Sama halnya ketika gw bersiap-siap untuk FLC Heat Event Indonesia 2019.Tapi gw juga mau berbagi tentang cara gw meredakan rasa gugup yang lebih instan dan segera. Inget waktu gw bilang gw hampir muntah tiga kali karena gugup banget? Waktu itu gw lagi duduk di kursi penonton, menyaksikan finalis lain membawakan pidato mereka. Hal pertama yang gw lakukan waktu rasa gugup muncul lebih kuat adalah mengatakan, Gw gugup.
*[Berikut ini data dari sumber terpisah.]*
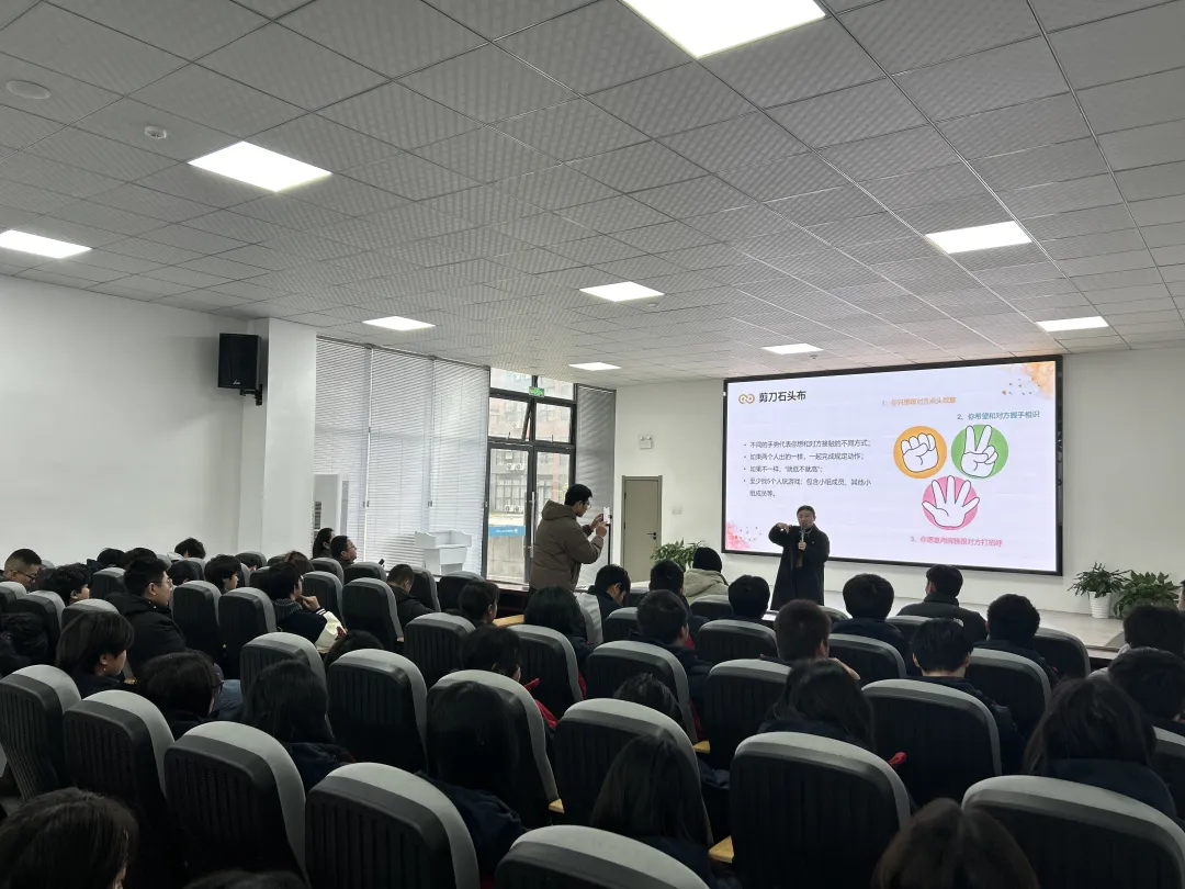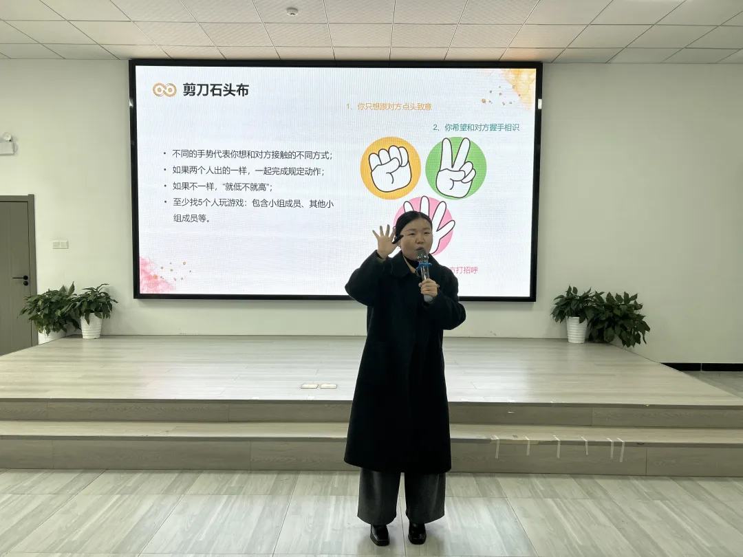 讲座伊始,汪老师用简单的“石头剪刀布”破冰小游戏迅速点燃现场气氛。她详细讲解了游戏规则:不同的手势代表着想与对方接触的不同方式;若两人出拳一致,便一同完成规定动作;若出拳不同,则遵循“就低不就高”的原则温和互动;同时要求大家至少与5位同学完成游戏,既可以是同组伙伴,也可以是其他小组的同学。

Dalam hati soalnya gw nggak boleh bersuara. Gw gugup, khawatir nanti lupa pidatonya, kelebihan waktu, dan kacau aja, tambah gw. Hal pertama yang gw lakukan waktu gw merasa gugup banget sampai mau muntah adalah mengakui kecemasan gw, dan buat gw, itu jitu luar biasa. Rasa gugupnya tidak langsung pergi, tapi menjadi lebih rendah secara signifikan.
Gw mulai melihat sekeliling, mencari kenyamanan. Nyokap nggak ada di sana (pilihan gw, sih) dan gw nggak bisa lari ke dia juga kalaupun ada. Jadi gw gunakan saja apa yang ada. Sesuatu untuk dipijak dan sesuatu untuk disentuh. Masih dalam posisi duduk, gw memijakkan kedua kaki gw di lantai dan mengelus tekstur bahan sandaran tangan kursi. Tadinya kaki gw nggak berpijak. Gw pendek. Senderan sering berarti kaki gw harus bergelantung di udara. Beberapa detik kemudian, rasa gugup yang tidak perlu dirasakan itu hampir pergi sepenuhnya. Kalau melihat ke belakang, harusnya gw lepas sepatu waktu berpijak. Gw yakin efeknya akan lebih signifikan jika seperti itu.
Hal terakhir yang gw lakukan untuk meredakan rasa cemas, rasa gugup gw adalah mengakui dan menerima realita masa depan jangka pendek gw.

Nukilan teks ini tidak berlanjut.